Work task:
Report each line of the entries that includes "gold" by copying it.

════════

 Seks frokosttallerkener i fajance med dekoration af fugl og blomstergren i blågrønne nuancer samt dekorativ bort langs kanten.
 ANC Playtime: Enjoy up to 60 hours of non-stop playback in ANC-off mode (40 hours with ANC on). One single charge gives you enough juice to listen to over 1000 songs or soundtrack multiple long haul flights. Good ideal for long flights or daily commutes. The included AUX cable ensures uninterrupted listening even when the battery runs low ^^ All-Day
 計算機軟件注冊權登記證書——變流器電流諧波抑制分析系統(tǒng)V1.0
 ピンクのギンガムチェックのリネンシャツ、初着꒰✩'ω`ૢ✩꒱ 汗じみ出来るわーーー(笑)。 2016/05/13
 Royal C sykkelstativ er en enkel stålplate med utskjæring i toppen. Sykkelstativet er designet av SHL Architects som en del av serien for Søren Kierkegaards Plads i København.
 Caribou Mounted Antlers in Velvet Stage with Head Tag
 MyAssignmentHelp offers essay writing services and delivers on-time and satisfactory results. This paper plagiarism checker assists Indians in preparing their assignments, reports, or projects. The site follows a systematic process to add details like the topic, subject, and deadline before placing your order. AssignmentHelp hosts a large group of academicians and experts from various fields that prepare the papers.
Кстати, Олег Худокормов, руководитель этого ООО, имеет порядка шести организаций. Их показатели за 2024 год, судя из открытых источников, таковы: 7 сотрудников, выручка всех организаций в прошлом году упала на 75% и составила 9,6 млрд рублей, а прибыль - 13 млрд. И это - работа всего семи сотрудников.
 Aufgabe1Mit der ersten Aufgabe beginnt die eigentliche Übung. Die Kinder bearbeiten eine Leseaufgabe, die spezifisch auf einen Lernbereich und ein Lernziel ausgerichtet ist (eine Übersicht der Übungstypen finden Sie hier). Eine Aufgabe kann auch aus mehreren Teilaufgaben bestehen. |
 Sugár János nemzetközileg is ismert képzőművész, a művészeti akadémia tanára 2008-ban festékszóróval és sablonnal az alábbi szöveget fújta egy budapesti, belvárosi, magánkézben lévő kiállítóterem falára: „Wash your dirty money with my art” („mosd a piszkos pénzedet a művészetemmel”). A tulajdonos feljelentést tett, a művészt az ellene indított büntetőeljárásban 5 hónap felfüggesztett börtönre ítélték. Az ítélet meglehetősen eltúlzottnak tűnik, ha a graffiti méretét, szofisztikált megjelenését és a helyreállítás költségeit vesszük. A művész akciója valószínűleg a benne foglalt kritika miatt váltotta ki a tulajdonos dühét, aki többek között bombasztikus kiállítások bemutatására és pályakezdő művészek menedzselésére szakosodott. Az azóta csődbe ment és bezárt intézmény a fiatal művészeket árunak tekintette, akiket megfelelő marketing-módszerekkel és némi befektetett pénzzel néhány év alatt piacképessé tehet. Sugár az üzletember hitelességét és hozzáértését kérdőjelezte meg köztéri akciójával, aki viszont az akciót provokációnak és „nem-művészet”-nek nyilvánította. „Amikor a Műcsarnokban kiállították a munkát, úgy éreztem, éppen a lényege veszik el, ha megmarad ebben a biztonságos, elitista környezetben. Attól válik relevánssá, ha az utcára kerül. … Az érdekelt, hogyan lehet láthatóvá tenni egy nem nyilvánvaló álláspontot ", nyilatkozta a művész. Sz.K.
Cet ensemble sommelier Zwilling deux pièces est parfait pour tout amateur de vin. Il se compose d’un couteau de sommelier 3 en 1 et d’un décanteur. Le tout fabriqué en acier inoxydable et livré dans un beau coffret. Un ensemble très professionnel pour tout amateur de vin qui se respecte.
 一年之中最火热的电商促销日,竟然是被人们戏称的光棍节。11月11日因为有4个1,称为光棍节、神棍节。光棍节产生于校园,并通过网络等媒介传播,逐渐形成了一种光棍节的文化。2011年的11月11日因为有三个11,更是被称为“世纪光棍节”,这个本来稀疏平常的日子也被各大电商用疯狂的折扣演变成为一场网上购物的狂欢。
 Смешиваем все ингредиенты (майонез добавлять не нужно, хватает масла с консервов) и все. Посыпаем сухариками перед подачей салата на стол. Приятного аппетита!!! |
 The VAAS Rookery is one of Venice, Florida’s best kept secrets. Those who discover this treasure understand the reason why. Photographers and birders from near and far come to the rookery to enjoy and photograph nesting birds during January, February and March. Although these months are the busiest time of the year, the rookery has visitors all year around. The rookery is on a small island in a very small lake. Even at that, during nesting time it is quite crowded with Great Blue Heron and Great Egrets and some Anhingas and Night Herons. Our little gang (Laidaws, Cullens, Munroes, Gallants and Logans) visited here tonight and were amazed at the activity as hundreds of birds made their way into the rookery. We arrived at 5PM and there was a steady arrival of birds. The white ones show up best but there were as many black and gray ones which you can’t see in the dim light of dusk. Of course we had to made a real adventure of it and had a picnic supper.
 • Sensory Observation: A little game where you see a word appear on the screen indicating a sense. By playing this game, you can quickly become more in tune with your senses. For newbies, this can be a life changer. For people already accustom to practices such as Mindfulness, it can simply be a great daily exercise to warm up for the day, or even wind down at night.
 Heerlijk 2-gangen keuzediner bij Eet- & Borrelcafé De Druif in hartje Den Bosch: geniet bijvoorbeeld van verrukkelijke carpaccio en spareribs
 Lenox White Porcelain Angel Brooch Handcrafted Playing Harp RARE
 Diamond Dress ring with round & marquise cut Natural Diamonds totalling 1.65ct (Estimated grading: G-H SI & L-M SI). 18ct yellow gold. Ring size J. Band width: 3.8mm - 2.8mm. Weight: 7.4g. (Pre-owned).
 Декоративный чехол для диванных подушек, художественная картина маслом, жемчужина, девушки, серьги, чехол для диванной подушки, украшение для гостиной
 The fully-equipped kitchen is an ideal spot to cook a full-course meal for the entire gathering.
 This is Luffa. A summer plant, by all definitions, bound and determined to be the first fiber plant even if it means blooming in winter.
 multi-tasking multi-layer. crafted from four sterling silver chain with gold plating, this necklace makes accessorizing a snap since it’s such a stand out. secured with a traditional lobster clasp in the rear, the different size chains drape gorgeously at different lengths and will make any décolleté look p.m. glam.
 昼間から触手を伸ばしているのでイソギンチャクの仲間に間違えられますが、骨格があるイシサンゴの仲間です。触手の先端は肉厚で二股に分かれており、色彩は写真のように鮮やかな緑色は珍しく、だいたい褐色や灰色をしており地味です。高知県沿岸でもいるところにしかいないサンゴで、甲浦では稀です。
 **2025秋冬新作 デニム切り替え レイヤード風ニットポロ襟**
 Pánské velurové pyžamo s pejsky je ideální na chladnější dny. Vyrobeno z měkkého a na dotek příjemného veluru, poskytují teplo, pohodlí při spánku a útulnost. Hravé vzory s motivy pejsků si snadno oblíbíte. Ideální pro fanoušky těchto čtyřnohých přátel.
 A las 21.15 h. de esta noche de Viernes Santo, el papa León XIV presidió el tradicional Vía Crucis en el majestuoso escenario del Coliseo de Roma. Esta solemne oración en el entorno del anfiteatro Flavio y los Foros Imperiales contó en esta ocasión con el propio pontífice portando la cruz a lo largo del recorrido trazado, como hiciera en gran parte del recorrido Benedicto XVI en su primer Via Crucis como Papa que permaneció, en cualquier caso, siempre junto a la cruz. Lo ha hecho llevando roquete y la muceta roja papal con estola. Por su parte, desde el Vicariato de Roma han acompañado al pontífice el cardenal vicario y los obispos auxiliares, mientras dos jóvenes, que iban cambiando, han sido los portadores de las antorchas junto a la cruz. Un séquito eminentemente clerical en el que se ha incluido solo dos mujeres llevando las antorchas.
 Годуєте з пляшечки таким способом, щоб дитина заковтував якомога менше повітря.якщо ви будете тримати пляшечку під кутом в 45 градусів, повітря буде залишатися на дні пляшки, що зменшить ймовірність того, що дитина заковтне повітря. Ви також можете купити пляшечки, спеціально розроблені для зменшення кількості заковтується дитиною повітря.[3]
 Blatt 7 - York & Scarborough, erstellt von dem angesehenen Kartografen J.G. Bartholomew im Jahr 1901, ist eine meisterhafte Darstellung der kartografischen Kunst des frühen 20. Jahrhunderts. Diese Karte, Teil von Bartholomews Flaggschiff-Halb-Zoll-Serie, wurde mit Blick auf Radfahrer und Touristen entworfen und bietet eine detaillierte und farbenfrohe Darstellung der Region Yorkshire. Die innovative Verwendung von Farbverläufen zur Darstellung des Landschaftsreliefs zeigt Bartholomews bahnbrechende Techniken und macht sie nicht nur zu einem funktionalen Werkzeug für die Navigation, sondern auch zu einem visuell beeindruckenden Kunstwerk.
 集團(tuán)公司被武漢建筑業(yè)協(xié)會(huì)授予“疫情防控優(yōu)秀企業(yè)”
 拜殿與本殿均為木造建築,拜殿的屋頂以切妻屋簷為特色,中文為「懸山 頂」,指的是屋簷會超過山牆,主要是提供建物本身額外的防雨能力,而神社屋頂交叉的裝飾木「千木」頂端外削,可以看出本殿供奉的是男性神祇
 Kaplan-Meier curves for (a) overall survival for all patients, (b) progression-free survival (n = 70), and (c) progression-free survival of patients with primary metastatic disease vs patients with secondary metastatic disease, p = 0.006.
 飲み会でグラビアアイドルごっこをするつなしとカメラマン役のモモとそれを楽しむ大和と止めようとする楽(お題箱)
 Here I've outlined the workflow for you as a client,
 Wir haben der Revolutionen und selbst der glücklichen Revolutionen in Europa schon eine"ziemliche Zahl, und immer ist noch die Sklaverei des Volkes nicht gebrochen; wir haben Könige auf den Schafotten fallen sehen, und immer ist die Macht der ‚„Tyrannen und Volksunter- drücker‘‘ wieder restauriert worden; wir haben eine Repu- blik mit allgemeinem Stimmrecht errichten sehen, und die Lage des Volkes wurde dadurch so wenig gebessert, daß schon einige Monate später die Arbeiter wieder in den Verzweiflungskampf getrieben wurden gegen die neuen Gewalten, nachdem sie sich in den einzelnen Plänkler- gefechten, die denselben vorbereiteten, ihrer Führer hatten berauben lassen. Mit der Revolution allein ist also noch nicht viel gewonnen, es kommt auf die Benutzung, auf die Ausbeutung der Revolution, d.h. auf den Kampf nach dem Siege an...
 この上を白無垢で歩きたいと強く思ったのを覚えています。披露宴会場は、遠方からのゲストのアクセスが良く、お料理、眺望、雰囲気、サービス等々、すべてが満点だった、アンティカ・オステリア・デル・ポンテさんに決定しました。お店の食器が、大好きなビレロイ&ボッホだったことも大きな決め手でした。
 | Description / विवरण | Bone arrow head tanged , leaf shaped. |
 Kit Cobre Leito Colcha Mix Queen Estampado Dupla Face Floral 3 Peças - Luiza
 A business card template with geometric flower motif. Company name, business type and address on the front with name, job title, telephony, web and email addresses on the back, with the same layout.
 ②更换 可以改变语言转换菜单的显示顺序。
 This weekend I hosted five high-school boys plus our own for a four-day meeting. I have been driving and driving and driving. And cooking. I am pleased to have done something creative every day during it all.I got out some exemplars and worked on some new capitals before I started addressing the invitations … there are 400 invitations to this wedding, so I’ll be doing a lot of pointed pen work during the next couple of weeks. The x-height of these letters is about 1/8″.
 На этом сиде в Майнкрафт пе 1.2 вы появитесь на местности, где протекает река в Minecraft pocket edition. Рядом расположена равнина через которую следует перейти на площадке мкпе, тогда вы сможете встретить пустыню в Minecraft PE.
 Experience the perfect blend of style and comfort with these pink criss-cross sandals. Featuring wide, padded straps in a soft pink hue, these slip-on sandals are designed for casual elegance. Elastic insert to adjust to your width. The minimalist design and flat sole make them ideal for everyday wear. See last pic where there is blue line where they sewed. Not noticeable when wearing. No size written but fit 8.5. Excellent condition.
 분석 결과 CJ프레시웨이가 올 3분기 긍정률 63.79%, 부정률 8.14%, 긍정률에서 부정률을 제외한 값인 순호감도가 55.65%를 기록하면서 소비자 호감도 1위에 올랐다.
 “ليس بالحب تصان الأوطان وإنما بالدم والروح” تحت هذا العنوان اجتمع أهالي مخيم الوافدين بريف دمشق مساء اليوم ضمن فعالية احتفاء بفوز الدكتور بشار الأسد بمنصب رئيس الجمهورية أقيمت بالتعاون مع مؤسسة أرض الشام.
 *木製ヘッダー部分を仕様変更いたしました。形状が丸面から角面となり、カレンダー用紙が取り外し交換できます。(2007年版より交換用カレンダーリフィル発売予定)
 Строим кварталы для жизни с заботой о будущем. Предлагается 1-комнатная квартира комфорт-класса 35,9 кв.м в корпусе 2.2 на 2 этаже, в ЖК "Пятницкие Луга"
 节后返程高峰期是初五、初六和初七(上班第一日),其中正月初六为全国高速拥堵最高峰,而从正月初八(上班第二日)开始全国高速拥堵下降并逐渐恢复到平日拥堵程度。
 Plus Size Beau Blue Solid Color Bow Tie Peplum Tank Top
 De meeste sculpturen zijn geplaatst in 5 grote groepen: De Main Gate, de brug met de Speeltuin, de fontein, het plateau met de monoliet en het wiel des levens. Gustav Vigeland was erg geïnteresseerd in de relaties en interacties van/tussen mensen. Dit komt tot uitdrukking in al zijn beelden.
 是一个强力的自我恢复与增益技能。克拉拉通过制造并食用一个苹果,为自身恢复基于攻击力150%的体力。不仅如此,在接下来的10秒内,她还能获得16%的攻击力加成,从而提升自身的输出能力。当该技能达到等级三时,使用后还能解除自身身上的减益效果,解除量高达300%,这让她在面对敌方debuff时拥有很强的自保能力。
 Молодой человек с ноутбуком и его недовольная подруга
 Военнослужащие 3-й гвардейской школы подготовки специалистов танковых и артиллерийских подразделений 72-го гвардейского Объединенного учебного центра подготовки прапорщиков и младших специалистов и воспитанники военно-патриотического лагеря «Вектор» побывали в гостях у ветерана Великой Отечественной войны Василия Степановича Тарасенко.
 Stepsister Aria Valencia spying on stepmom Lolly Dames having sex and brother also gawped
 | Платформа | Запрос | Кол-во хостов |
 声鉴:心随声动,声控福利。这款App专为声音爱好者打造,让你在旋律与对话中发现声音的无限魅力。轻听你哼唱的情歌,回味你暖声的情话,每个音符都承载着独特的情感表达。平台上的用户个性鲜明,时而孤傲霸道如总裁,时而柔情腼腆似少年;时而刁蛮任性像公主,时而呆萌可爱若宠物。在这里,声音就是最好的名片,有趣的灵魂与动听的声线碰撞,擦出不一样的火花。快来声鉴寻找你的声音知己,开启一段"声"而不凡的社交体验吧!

════════

Completed task:
 Diamond Dress ring with round & marquise cut Natural Diamonds totalling 1.65ct (Estimated grading: G-H SI & L-M SI). 18ct yellow gold. Ring size J. Band width: 3.8mm - 2.8mm. Weight: 7.4g. (Pre-owned).
 multi-tasking multi-layer. crafted from four sterling silver chain with gold plating, this necklace makes accessorizing a snap since it’s such a stand out. secured with a traditional lobster clasp in the rear, the different size chains drape gorgeously at different lengths and will make any décolleté look p.m. glam.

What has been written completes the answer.